> **WORK TASK**: Extract the run of lines that starts at the top of the records below and ends at the line with "어린이용 접이식 안경", keeping both ends and excluding pictures.

> **Stored records**:
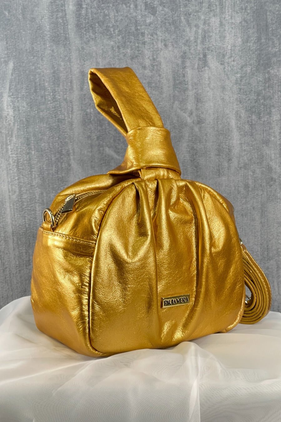 Este bolso en tono dorado brillante llama la atención por su diseño único de cierre anudado. El acabado suave y brillante del material resalta su estilo audaz y moderno. Su estructura compacta lo convierte en el accesorio perfecto para llevar lo esencial de manera sofisticada.
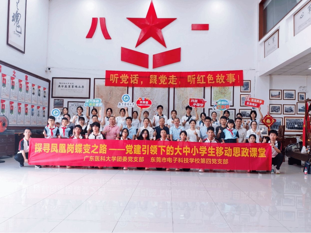 为推动“百千万工程”在教育领域的实践落地,助力典型村建设,同时创新思政教育形式,促进大中小学生全面成长,2025年6月19日,广东医科大学团委党支部联合东莞市电子科技学校第四党支部、塘厦镇第二小学在东莞市塘厦镇凤凰岗社区,开展了“探寻凤凰岗蝶变之路——党建引领下的大中小学生移动思政课堂”活动,来自三所学校的师生代表齐聚一堂,参加了这场别开生面的思政学习之旅。
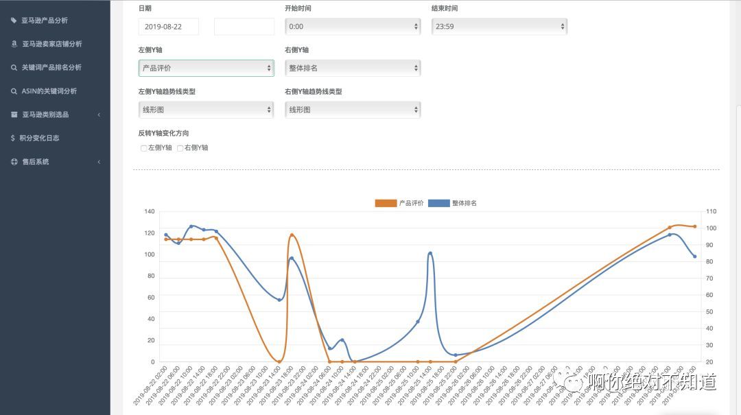 (上图:荟网系统对亚马逊自然排名与Review之间的曲线关系实时监控截图)
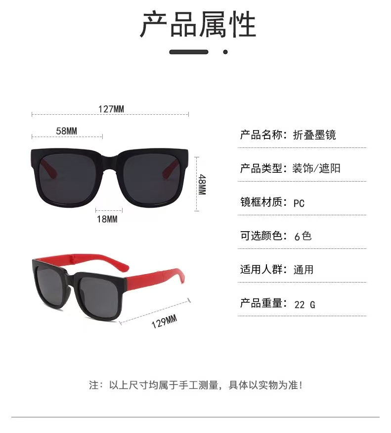 • 검은색 프레임 빨간색 다리; 어린이용 접이식 안경
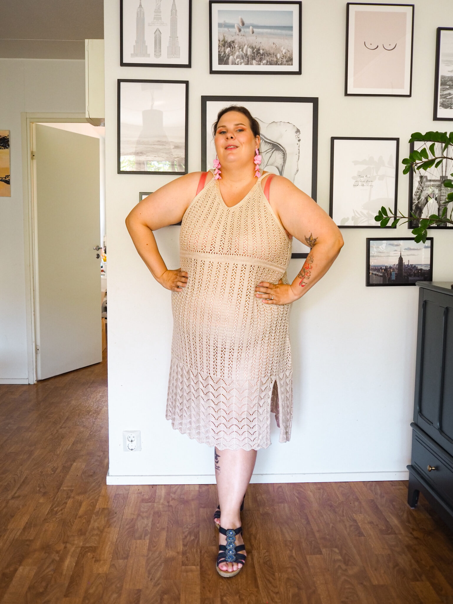 Tämä mekko on toinen suosikeistani. Minulla ei ole ollut ennen virkattua mekkoa ja jännitin sitä ihan vähän, mutta tämä toimii paremmin, kuin olin uskaltanut toivoa. Vaikka mekko on virkattu, niin ei tässä tarvitse kuitenkaan miettiä, että ihmiset näkisivät liikaa. Täydellinen kesä- ja rantamekko.
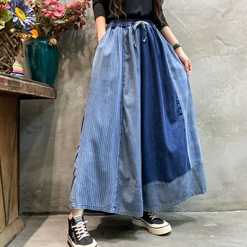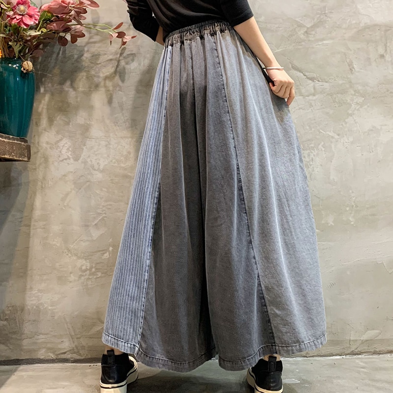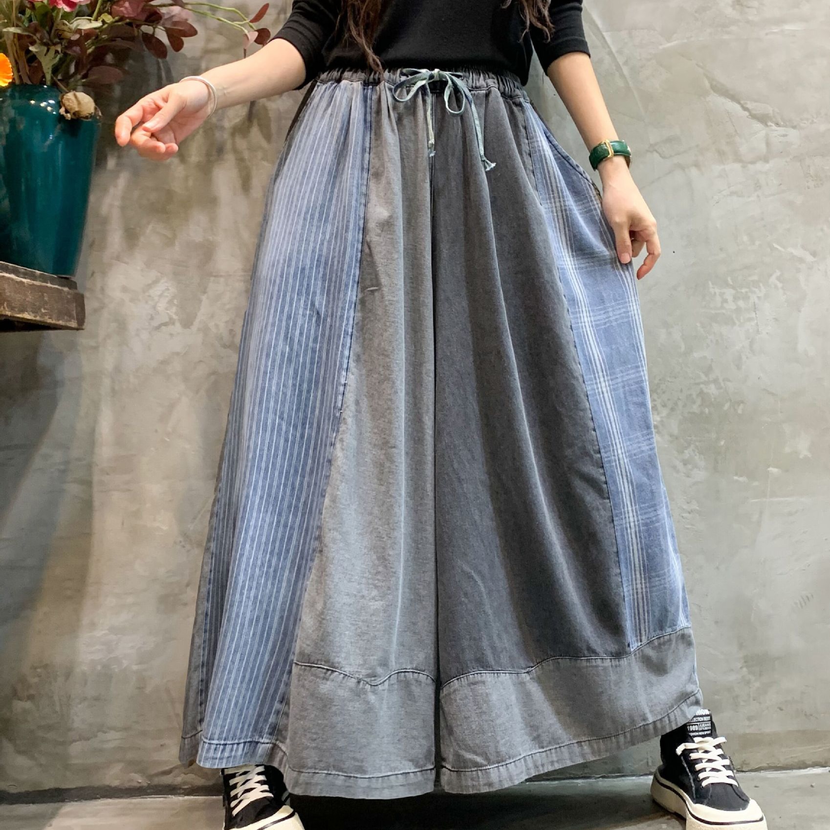 Denim Wide Leg Pants 2023 Spring New Fashion Color Matching Old Large Size Culottes Ankle Length Pants Women Baggy Jeans 2330
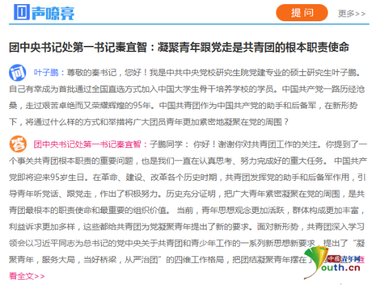 團中央書記處第一書記秦宜智通過“青年之聲”回答中共中央黨校研究生葉子鵬的提問。網(wǎng)頁截圖
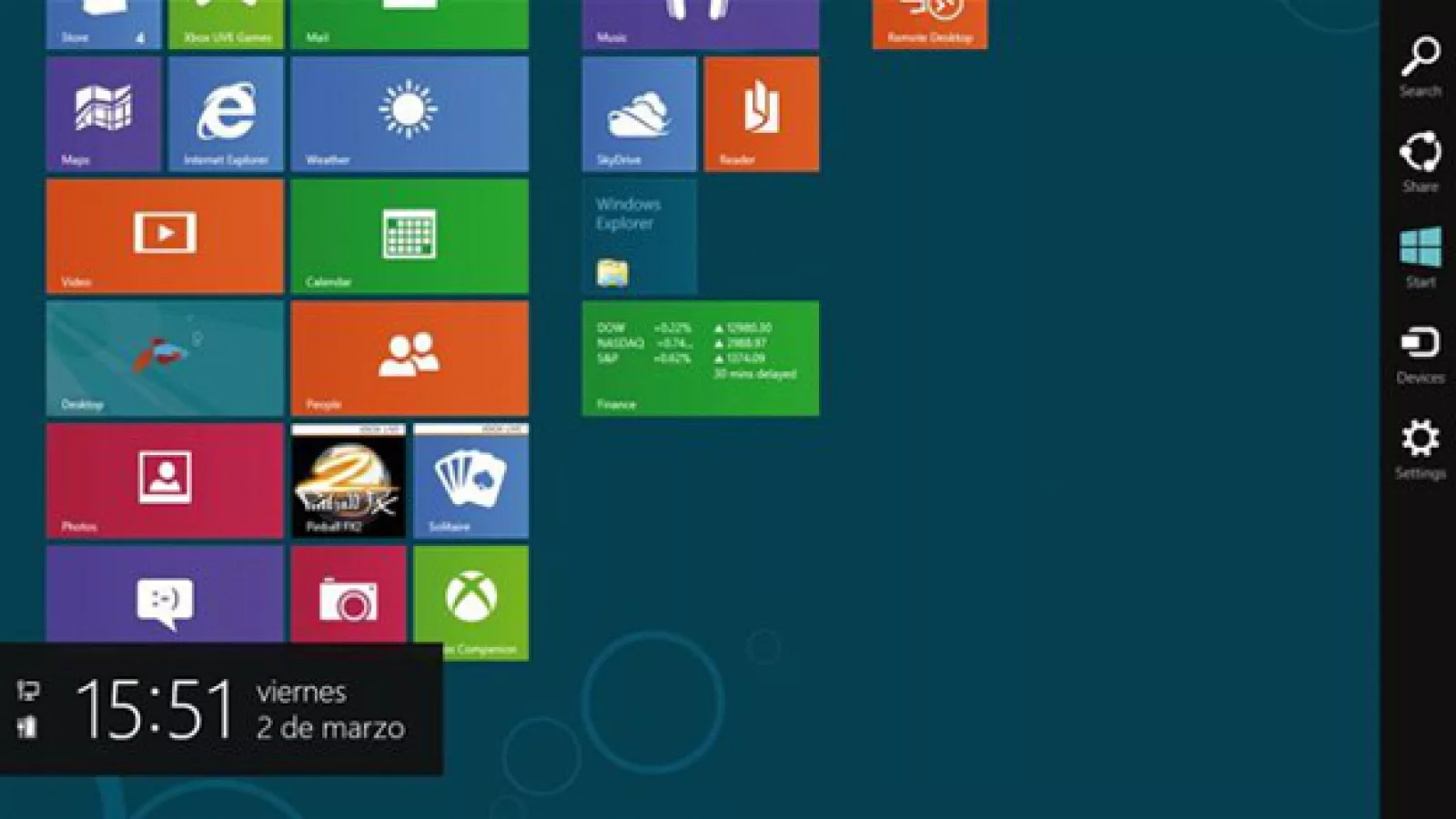 Las esquinas activas son un diferencial importante en el nuevo Windows. Cada una de las esquinas permite acceder a determinadas funciones según la zona en la que nos encontremos. Lo más importante es saber que llevando el puntero a la esquina superior o inferior derecha veremos un menú de grandes dimensiones con diferentes opciones. Allí veremos por ejemplo el ícono Start, que nos permitirá volver rápidamente a la pantalla de inicio. Lo acompañan otros bastante habituales, como el de búsquedas (Search) o Configuración (Settings). Junto con este menú aparecen la fecha y hora ya no siempre visibles.
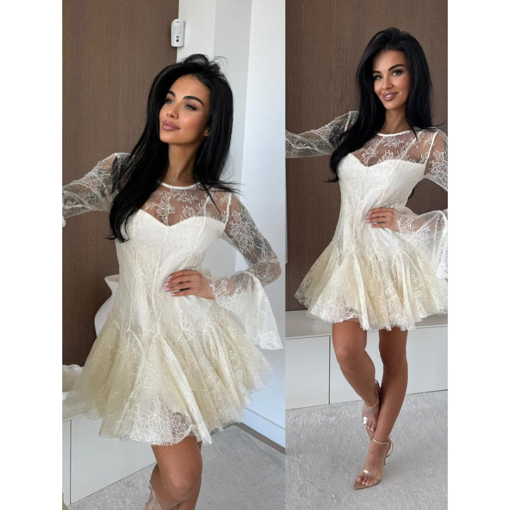 Ecrü színű csipke ruha, hátrésze zárt, belül részben bélelt.
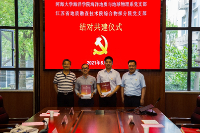 6月1日,娱乐城 海洋地质与地球物理系党支部前往江苏省地质勘查技术院,与该院的综合物探分院党支部开展“联学共建聚向上,服务发展高质量”的共建活动。本次共建活动由省勘查院副院长罗传根同志主持,娱乐城 院长、党委委员齐义泉同志和省勘查院院长、党委书记刘建东同志出席了共建活动。
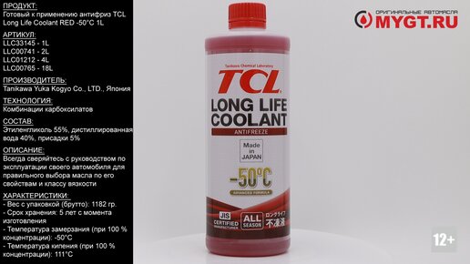 Готовый к применению антифриз TCL Long Life Coolant RED -50°C 1L LLC33145 #ANTON_MYGT

> **OUTPUT FOR THIS TASK**:
 Este bolso en tono dorado brillante llama la atención por su diseño único de cierre anudado. El acabado suave y brillante del material resalta su estilo audaz y moderno. Su estructura compacta lo convierte en el accesorio perfecto para llevar lo esencial de manera sofisticada.
 为推动“百千万工程”在教育领域的实践落地,助力典型村建设,同时创新思政教育形式,促进大中小学生全面成长,2025年6月19日,广东医科大学团委党支部联合东莞市电子科技学校第四党支部、塘厦镇第二小学在东莞市塘厦镇凤凰岗社区,开展了“探寻凤凰岗蝶变之路——党建引领下的大中小学生移动思政课堂”活动,来自三所学校的师生代表齐聚一堂,参加了这场别开生面的思政学习之旅。
 (上图:荟网系统对亚马逊自然排名与Review之间的曲线关系实时监控截图)
 • 검은색 프레임 빨간색 다리; 어린이용 접이식 안경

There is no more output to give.